** Source information follows **
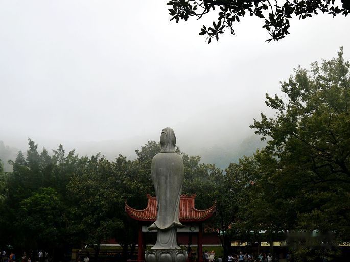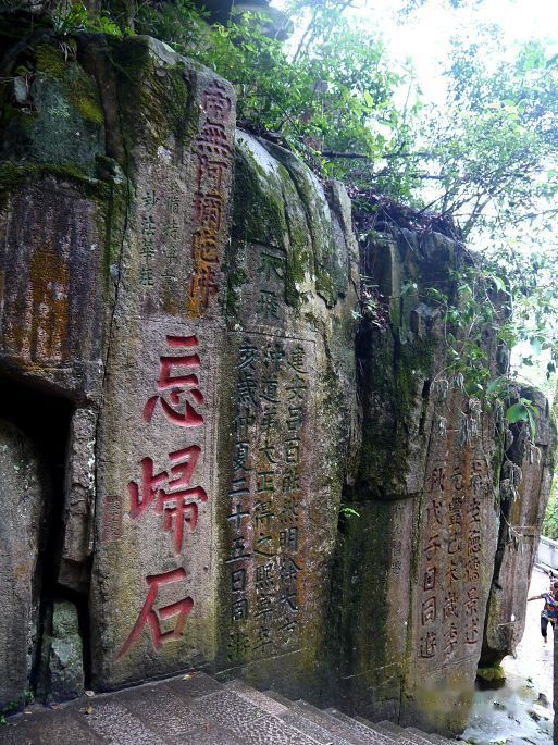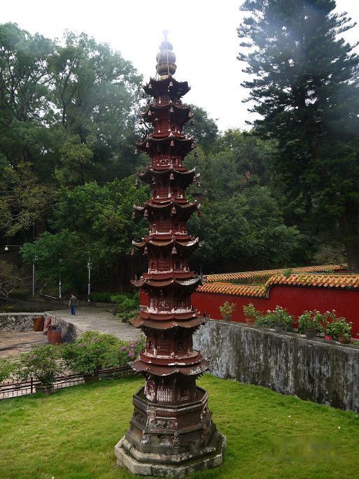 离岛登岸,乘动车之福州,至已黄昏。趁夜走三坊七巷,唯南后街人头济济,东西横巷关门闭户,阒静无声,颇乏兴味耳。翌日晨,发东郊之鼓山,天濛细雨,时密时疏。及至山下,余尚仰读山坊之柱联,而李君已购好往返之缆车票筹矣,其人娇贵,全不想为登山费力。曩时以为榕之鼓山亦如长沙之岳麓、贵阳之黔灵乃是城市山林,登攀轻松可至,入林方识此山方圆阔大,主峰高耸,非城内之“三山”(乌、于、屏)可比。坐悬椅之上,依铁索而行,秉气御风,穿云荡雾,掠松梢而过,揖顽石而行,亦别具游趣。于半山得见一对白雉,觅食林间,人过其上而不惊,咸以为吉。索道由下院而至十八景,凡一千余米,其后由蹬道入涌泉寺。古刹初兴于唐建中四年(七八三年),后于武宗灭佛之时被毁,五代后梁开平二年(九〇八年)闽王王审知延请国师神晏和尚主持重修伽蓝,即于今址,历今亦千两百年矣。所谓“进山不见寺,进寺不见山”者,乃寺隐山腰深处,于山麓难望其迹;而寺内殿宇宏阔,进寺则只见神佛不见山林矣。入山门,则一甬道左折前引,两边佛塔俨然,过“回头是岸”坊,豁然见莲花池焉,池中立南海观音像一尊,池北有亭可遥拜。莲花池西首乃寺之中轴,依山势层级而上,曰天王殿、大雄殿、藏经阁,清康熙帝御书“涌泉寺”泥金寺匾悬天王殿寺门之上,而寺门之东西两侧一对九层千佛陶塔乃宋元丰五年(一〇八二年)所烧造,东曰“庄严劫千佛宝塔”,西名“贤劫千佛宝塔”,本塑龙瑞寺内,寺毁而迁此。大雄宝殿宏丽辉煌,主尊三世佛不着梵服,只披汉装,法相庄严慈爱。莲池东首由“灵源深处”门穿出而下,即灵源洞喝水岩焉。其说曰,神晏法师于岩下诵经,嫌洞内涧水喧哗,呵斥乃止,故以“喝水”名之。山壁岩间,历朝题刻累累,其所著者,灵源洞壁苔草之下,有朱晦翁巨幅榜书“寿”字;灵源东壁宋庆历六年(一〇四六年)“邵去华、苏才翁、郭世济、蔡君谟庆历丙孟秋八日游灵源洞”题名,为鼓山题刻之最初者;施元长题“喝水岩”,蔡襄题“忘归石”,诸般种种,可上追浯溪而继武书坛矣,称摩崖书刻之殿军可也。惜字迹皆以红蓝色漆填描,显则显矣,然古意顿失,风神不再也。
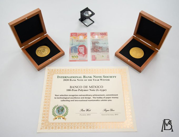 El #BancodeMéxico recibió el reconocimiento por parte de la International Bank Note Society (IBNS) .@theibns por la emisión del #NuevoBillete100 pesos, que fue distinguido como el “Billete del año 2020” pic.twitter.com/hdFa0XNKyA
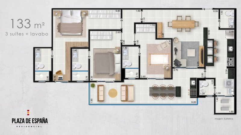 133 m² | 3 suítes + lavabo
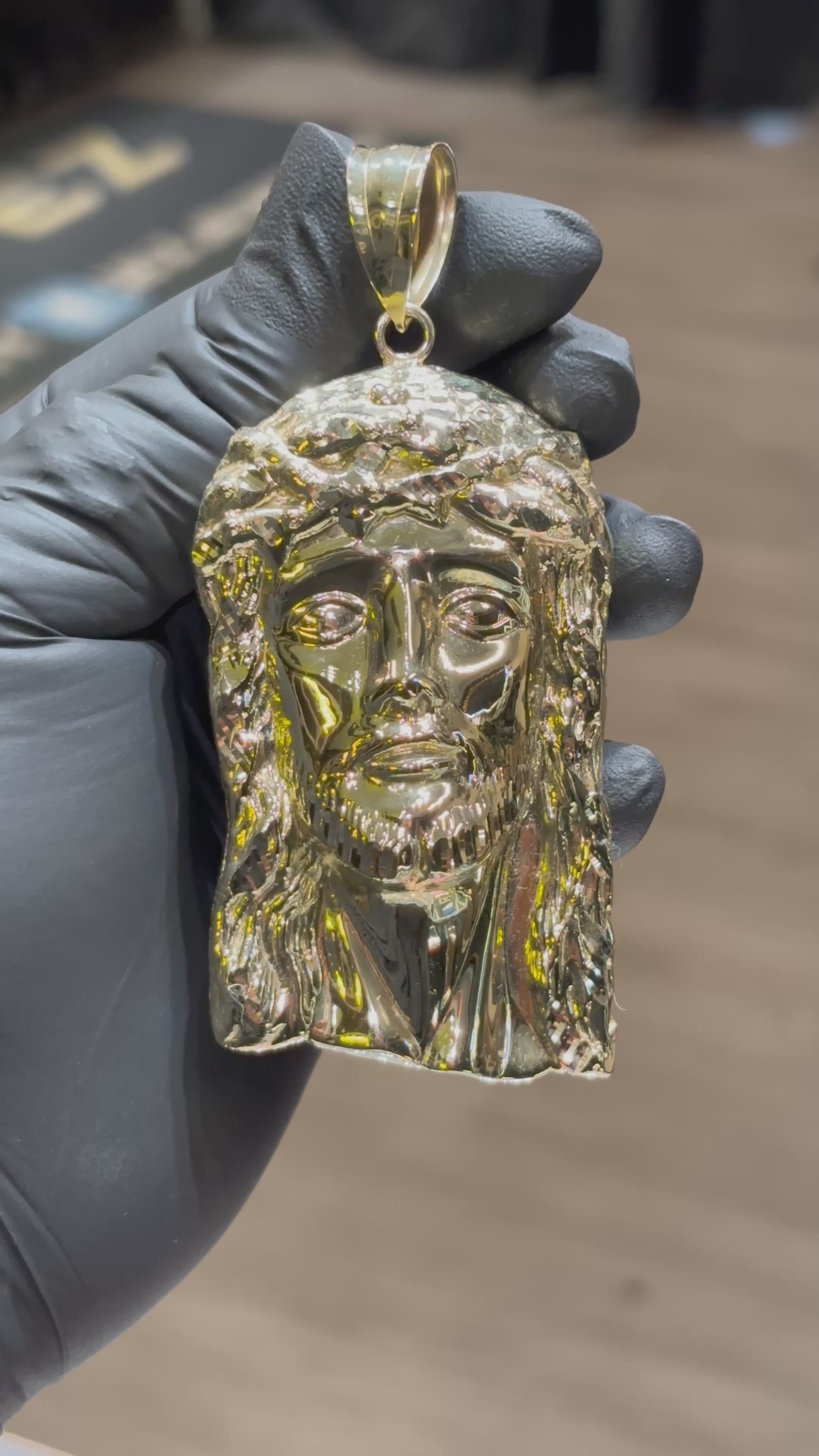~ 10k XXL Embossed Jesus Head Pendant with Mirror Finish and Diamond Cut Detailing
** End of Source information **
** Source information follows **
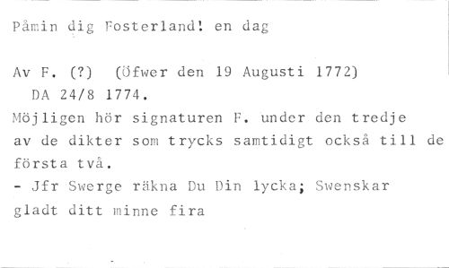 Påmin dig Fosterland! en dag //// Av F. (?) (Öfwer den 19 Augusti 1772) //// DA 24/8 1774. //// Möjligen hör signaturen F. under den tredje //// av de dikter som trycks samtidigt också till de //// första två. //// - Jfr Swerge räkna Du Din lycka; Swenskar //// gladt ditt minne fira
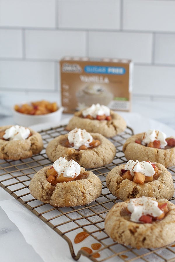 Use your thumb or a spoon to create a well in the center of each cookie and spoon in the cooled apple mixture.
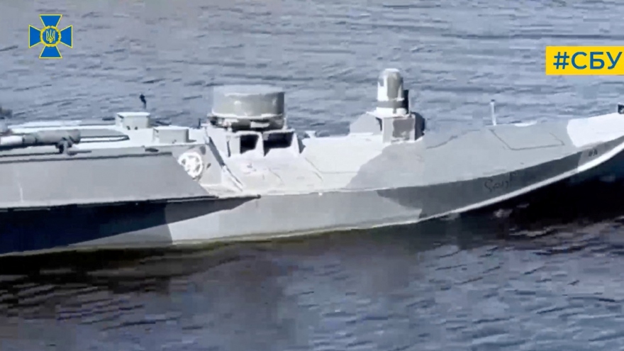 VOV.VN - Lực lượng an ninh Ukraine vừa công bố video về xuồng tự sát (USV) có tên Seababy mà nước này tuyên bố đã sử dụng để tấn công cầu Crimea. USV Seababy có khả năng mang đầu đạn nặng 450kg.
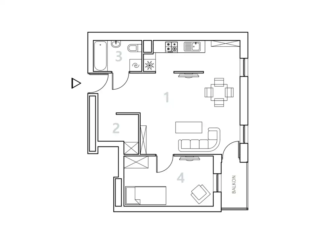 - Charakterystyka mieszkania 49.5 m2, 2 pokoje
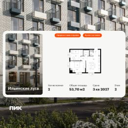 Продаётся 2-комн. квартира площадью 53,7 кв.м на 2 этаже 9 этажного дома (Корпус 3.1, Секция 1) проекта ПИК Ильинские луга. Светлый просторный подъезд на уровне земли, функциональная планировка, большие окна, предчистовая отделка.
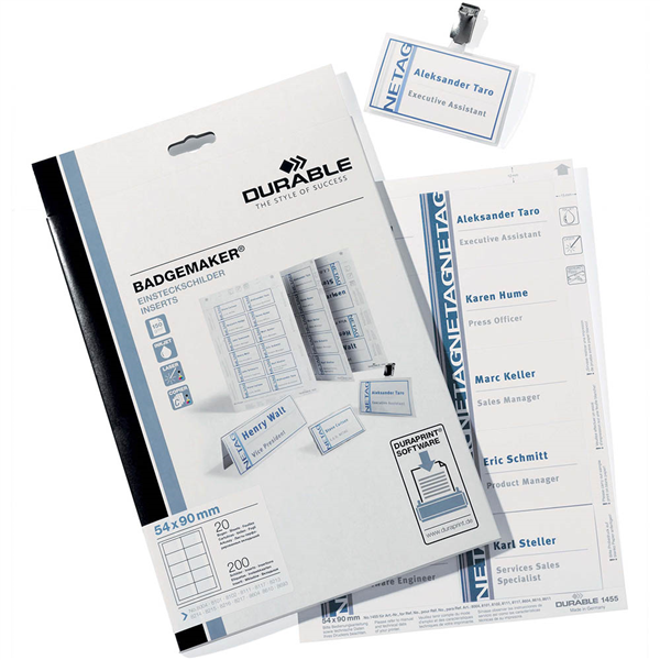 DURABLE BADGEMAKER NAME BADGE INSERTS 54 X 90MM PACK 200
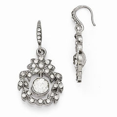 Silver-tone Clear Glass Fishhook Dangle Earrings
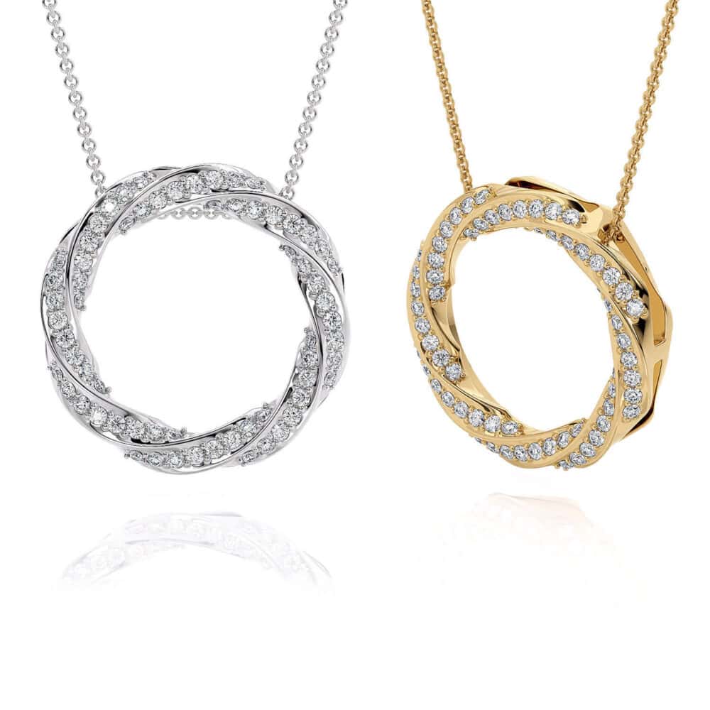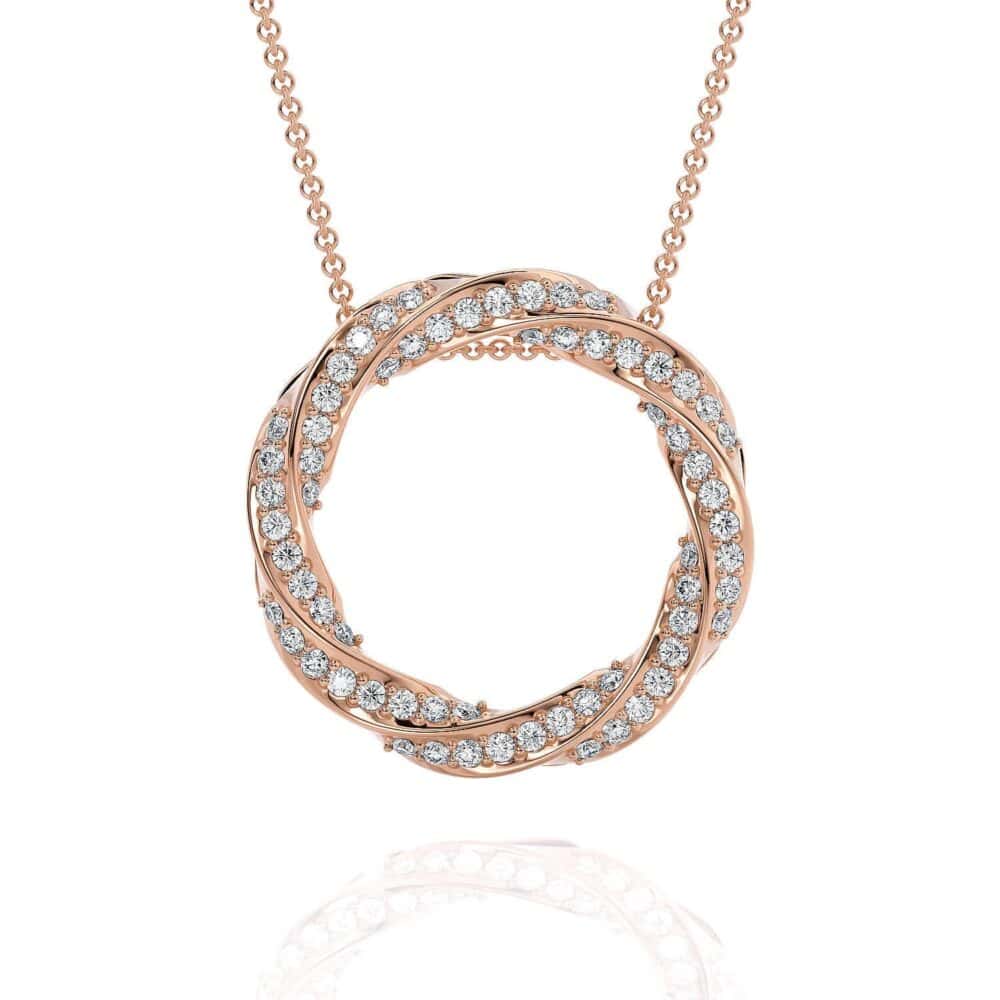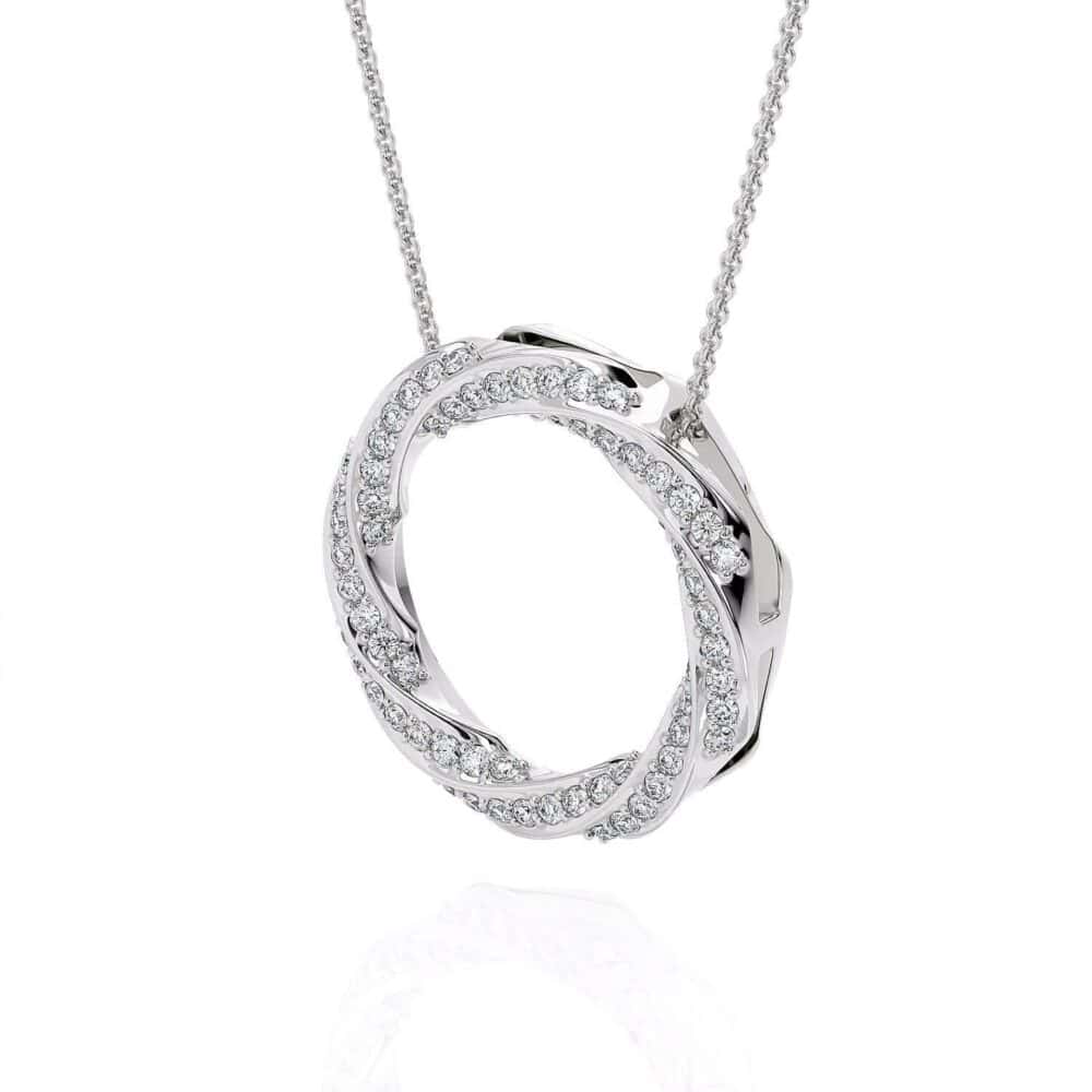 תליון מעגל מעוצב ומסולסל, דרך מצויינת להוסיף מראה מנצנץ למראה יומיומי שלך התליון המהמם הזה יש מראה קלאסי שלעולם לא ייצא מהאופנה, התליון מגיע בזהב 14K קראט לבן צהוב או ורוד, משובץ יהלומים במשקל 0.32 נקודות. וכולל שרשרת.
** End of Source information **
## To do
Look above for the line holding "Silver-tone Clear Glass" and output everything from it down to the line holding "תליון מעגל מעוצב", both ends included, exactly and without images.

## Expected answer
 Silver-tone Clear Glass Fishhook Dangle Earrings
 תליון מעגל מעוצב ומסולסל, דרך מצויינת להוסיף מראה מנצנץ למראה יומיומי שלך התליון המהמם הזה יש מראה קלאסי שלעולם לא ייצא מהאופנה, התליון מגיע בזהב 14K קראט לבן צהוב או ורוד, משובץ יהלומים במשקל 0.32 נקודות. וכולל שרשרת.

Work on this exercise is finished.